Let's now discuss significant individual indels visible on the alignment page. These could result in a simple flatfile database sortable by position along the opsin sequence, indel length, region (eg 3rd cytoplasmic loop), higher taxonomic clade, and phylogenetic depth. We're specifically interested in validating the current reference set collection (as carried in the fasta headers), dating indel events, characterizing very remote opsins in cnidarians, disambiguating opsins from generic GPCR, establishing ancestral lengths, and evaluating overall the usefulness of this type of rare genomic event for this gene family.

For deuterostome ciliary opsins, the story is fairly simple up to encephalopsin. None of the transmembrane helices have indels. That holds also for the first two cytoplasmic loops and first and last extracellular loops. Evidently structural constraints are too rigid. The second extracellular loop has a two residue insert in all rod and cone opsins in a region so far not attributed functional significance; this may have been a near-neutral event in the ancestral stem protein (ie in a gene duplicate of pinopsin).

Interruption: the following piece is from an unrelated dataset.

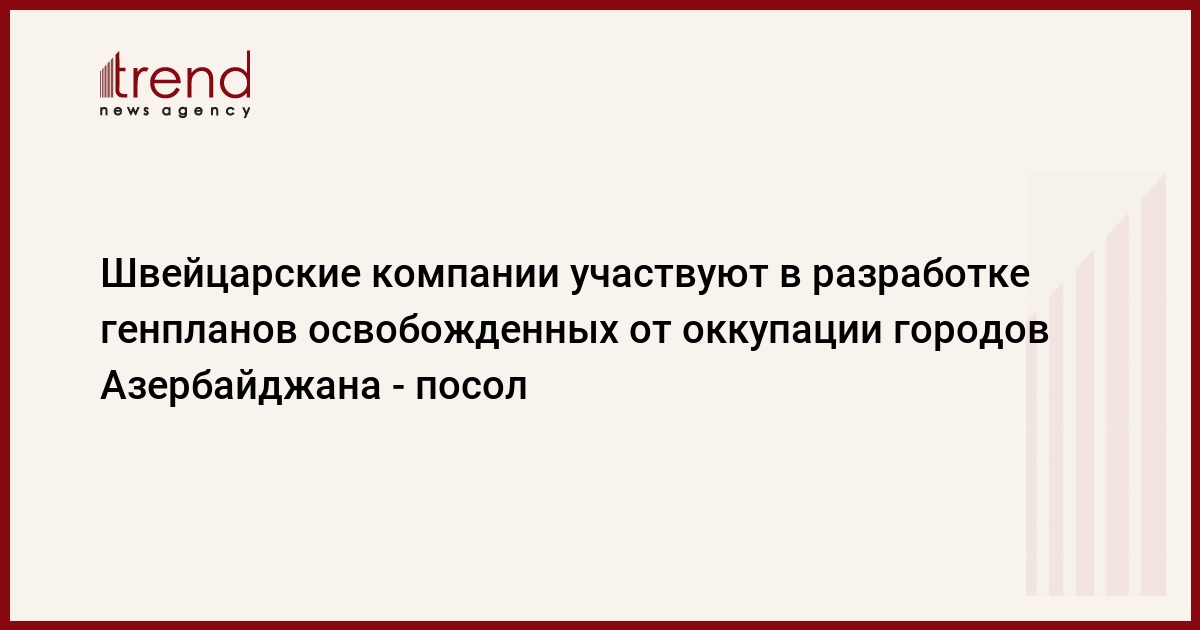 БАКУ /Trend/ - Швейцарские компании участвуют в разработке генпланов городов Азербайджана, которые были разрушены в период армянской оккупации.

The third cytoplasmic loop has variable length distally. Length is constant within orthology classes with parietopsin having full length, parapinopsin one residue shorter, and all others two residues fewer. This is a region of high beta in bovine rhodopsin crystals, ie has too much movement to be assigned a conformation. Unsurprisingly no function has been assigned. While the indel pattern supports the conventional gene tree, evidently this indel hotspot has fixed at least three separate events. While that hasn't resulted in overt homoplasy in terms of length, additional events could be masked. This reduces the value of the indel.

The amino terminus has 4 informative indels, all deletions. The first unites unites RHO1 and RHO2 to the exclusion of all other opsins (as does the short highly conserved N-terminus with two glycosylation sites). No indel or intron distinguishes them. RHO2 has an odd phylogenetic distribution -- it seems to occur in one species of lamprey but not in genomic lamprey (despite 19 million traces) nor in cartilaginous nor ray-finned fish, but seeming rises again in lungfish, coelocanth, lizards, and chicken but not frog nor any mammal. Possibly the lamprey RHO2 is a lineage-specific duplication of lamprey RHO1. A later independent duplication in lobe-finned fish persisted until the mammalian nocturnal loss era. It may be missing in frog because of an incomplete genome.